Data entries:
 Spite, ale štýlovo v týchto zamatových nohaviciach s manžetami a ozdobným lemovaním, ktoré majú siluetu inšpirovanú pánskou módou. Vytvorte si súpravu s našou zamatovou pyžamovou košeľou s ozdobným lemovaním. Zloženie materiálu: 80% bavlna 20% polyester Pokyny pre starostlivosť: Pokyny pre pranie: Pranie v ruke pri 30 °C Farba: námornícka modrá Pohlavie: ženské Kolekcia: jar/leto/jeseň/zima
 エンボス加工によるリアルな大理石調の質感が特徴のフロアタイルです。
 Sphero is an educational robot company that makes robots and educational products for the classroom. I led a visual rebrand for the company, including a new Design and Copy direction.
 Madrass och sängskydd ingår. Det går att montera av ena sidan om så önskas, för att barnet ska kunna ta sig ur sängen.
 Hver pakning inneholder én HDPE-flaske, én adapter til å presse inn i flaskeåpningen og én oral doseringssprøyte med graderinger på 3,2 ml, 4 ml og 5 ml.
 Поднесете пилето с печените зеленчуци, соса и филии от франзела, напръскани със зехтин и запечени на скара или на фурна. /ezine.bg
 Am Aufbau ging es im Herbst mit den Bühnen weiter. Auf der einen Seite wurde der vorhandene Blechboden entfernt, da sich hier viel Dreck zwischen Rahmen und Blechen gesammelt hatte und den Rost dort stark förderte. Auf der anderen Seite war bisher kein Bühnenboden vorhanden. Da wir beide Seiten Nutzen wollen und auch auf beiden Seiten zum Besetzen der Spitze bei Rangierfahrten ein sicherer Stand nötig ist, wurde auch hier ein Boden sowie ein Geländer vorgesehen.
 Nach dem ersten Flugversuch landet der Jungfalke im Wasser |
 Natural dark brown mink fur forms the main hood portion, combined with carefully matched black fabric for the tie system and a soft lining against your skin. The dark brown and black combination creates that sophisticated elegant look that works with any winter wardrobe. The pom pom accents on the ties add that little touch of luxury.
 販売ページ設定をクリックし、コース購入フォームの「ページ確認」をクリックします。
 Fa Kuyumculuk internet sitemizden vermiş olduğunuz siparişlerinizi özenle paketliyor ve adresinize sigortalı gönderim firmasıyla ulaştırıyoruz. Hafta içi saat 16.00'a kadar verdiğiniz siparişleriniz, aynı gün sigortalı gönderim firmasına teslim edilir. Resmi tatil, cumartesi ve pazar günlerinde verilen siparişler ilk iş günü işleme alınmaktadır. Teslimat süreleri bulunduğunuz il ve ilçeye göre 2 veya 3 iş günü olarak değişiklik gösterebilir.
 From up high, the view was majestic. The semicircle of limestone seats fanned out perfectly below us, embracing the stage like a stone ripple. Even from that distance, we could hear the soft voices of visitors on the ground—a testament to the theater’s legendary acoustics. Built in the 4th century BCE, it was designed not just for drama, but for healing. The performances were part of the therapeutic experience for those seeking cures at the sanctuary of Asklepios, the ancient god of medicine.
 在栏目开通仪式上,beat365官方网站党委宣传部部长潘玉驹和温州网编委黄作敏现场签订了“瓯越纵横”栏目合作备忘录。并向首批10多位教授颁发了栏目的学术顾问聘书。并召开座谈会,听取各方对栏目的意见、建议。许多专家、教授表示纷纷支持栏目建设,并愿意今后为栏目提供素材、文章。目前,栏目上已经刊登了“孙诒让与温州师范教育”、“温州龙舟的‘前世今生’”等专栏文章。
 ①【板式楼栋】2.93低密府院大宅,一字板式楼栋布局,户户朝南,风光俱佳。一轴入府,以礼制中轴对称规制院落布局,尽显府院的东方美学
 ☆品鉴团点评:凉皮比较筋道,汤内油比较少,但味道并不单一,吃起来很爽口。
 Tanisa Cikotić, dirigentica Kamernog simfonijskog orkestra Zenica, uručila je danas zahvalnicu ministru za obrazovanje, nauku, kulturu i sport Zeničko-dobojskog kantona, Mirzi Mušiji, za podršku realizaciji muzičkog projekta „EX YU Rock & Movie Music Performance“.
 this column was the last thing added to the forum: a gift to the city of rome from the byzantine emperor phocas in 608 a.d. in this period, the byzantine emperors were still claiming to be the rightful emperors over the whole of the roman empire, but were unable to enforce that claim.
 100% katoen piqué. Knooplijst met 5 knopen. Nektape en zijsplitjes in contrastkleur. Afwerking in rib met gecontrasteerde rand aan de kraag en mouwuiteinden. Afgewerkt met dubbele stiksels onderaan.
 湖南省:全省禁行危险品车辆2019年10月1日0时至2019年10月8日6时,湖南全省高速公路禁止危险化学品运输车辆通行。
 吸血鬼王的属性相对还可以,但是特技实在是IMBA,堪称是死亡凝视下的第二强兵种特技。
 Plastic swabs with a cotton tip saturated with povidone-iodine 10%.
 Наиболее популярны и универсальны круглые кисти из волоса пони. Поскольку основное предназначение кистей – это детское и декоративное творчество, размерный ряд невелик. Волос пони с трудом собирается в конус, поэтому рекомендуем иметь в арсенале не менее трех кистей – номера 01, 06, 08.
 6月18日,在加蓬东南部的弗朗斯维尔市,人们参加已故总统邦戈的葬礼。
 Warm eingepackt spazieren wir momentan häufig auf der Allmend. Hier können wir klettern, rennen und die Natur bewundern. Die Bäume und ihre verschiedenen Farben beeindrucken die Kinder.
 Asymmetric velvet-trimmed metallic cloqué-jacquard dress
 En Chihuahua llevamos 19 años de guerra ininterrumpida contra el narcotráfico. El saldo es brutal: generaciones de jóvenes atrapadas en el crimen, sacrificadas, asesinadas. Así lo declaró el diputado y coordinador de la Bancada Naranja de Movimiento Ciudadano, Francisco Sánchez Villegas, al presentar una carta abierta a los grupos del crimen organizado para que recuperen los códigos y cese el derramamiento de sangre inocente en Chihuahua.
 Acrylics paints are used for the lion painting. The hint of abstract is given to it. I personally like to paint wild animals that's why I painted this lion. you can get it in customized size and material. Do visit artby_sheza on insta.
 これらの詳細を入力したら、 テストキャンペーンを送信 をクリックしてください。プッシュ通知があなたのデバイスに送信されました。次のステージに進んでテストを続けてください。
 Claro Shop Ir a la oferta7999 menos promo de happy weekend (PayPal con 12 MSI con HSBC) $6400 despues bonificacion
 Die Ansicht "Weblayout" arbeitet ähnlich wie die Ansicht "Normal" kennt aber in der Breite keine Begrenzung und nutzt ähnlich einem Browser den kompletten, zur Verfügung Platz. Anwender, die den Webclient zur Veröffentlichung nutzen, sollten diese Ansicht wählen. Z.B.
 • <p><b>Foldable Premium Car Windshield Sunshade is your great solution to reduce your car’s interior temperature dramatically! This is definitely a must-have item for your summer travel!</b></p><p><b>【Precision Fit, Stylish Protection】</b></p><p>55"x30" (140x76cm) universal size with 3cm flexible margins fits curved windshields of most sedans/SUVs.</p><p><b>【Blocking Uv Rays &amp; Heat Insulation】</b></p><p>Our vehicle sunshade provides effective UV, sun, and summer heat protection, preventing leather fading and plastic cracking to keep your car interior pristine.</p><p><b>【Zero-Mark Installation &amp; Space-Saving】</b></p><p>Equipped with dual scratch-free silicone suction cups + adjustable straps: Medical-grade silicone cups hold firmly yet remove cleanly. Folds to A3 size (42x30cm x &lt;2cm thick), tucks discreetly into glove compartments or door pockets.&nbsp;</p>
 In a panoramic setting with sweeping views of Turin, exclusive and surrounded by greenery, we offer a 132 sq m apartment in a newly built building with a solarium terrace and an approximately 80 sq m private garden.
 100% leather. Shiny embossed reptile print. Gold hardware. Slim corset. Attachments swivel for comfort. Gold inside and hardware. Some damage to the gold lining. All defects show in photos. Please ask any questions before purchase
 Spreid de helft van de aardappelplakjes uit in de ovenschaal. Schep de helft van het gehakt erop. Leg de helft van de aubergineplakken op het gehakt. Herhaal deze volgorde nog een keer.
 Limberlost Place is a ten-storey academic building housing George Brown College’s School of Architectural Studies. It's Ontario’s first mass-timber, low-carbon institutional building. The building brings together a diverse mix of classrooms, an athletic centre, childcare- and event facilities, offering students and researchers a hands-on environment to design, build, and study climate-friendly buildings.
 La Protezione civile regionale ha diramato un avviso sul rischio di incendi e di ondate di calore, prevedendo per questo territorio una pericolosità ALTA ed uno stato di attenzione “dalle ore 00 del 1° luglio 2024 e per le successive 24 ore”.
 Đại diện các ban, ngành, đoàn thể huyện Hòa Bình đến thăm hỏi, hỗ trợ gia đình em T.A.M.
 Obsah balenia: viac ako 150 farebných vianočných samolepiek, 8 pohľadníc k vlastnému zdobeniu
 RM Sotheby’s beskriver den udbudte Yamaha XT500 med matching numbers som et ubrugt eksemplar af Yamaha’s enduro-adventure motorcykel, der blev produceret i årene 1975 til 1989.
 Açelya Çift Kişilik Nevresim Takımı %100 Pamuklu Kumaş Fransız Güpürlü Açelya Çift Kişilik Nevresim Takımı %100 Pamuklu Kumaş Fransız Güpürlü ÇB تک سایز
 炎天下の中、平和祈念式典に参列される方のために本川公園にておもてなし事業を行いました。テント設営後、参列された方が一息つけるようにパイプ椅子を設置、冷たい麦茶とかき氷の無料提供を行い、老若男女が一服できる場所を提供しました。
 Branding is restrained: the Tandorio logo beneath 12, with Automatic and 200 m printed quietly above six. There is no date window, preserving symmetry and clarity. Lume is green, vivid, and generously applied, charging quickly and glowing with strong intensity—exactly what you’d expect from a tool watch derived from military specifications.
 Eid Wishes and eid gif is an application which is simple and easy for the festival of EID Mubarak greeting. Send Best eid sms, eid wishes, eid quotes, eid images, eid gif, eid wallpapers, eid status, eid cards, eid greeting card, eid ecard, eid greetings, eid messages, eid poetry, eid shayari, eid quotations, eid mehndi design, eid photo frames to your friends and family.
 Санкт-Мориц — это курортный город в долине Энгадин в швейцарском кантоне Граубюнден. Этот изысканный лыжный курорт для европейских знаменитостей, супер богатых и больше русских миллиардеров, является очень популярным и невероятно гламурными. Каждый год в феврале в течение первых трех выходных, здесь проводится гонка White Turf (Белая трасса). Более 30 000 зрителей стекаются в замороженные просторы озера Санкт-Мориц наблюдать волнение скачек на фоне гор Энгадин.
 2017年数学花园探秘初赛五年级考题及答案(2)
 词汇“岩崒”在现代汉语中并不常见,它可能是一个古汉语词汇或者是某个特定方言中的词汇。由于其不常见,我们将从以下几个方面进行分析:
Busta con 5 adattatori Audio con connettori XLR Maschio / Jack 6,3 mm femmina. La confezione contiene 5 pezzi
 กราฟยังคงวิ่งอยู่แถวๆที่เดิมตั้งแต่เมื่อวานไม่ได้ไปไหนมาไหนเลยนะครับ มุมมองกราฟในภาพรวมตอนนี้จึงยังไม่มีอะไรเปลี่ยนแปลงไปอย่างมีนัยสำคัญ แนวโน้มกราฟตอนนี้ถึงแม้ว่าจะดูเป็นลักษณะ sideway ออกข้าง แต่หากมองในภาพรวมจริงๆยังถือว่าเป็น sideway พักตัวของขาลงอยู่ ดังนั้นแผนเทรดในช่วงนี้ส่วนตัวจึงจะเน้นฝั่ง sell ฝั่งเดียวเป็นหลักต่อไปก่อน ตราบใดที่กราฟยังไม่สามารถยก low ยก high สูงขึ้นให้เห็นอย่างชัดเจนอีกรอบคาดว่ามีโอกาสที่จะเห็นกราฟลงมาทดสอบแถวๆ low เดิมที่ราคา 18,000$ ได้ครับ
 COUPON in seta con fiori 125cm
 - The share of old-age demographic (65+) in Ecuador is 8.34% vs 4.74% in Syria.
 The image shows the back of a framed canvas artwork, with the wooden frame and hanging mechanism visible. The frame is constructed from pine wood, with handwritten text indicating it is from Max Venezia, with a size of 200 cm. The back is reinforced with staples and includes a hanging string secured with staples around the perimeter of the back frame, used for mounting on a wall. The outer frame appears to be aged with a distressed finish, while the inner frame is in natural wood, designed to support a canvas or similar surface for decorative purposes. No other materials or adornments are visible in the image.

> **WHAT THE EXERCISE ASKS**: All lines from the beginning of the entries through the line marked "販売ページ設定をクリックし、" are to be output exactly; nothing else belongs in the answer.

> **ANSWER FOR THE TASK**:
 Spite, ale štýlovo v týchto zamatových nohaviciach s manžetami a ozdobným lemovaním, ktoré majú siluetu inšpirovanú pánskou módou. Vytvorte si súpravu s našou zamatovou pyžamovou košeľou s ozdobným lemovaním. Zloženie materiálu: 80% bavlna 20% polyester Pokyny pre starostlivosť: Pokyny pre pranie: Pranie v ruke pri 30 °C Farba: námornícka modrá Pohlavie: ženské Kolekcia: jar/leto/jeseň/zima
 エンボス加工によるリアルな大理石調の質感が特徴のフロアタイルです。
 Sphero is an educational robot company that makes robots and educational products for the classroom. I led a visual rebrand for the company, including a new Design and Copy direction.
 Madrass och sängskydd ingår. Det går att montera av ena sidan om så önskas, för att barnet ska kunna ta sig ur sängen.
 Hver pakning inneholder én HDPE-flaske, én adapter til å presse inn i flaskeåpningen og én oral doseringssprøyte med graderinger på 3,2 ml, 4 ml og 5 ml.
 Поднесете пилето с печените зеленчуци, соса и филии от франзела, напръскани със зехтин и запечени на скара или на фурна. /ezine.bg
 Am Aufbau ging es im Herbst mit den Bühnen weiter. Auf der einen Seite wurde der vorhandene Blechboden entfernt, da sich hier viel Dreck zwischen Rahmen und Blechen gesammelt hatte und den Rost dort stark förderte. Auf der anderen Seite war bisher kein Bühnenboden vorhanden. Da wir beide Seiten Nutzen wollen und auch auf beiden Seiten zum Besetzen der Spitze bei Rangierfahrten ein sicherer Stand nötig ist, wurde auch hier ein Boden sowie ein Geländer vorgesehen.
 Nach dem ersten Flugversuch landet der Jungfalke im Wasser |
 Natural dark brown mink fur forms the main hood portion, combined with carefully matched black fabric for the tie system and a soft lining against your skin. The dark brown and black combination creates that sophisticated elegant look that works with any winter wardrobe. The pom pom accents on the ties add that little touch of luxury.
 販売ページ設定をクリックし、コース購入フォームの「ページ確認」をクリックします。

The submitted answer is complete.